------ Dataset extract ------

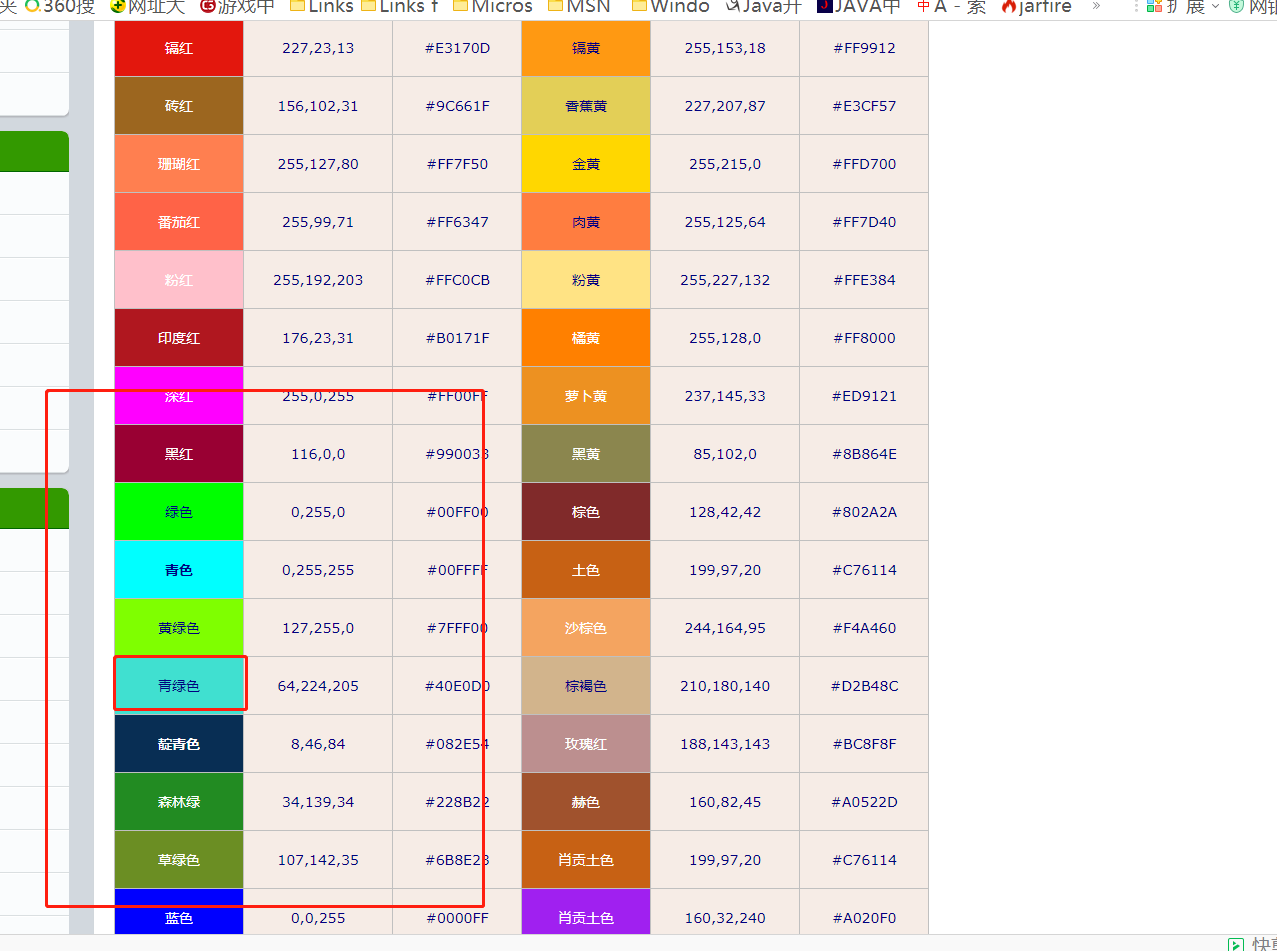 2-2-1-3、颜色表,看完我已经不会区分颜色了
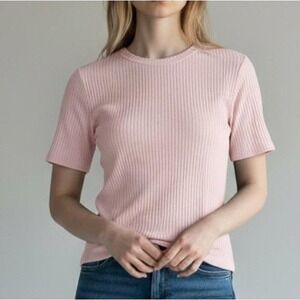 PINK Victoria's Secret Ribbed Knit T Shirt Blush Pink Short Sleeve Size XS
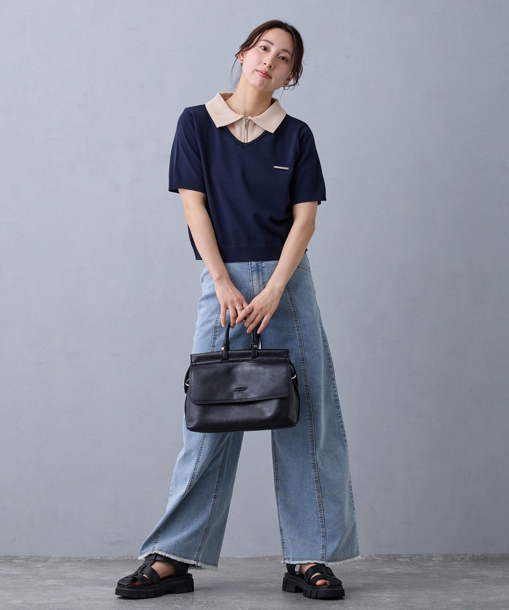 一枚で重ね着をしているような配色デザインがコーディネートのアクセントに◎

------

— Task brief —
If the material above contains pictures, exclude them from an otherwise exact transcription.

— Expected output —
 2-2-1-3、颜色表,看完我已经不会区分颜色了
 PINK Victoria's Secret Ribbed Knit T Shirt Blush Pink Short Sleeve Size XS
 一枚で重ね着をしているような配色デザインがコーディネートのアクセントに◎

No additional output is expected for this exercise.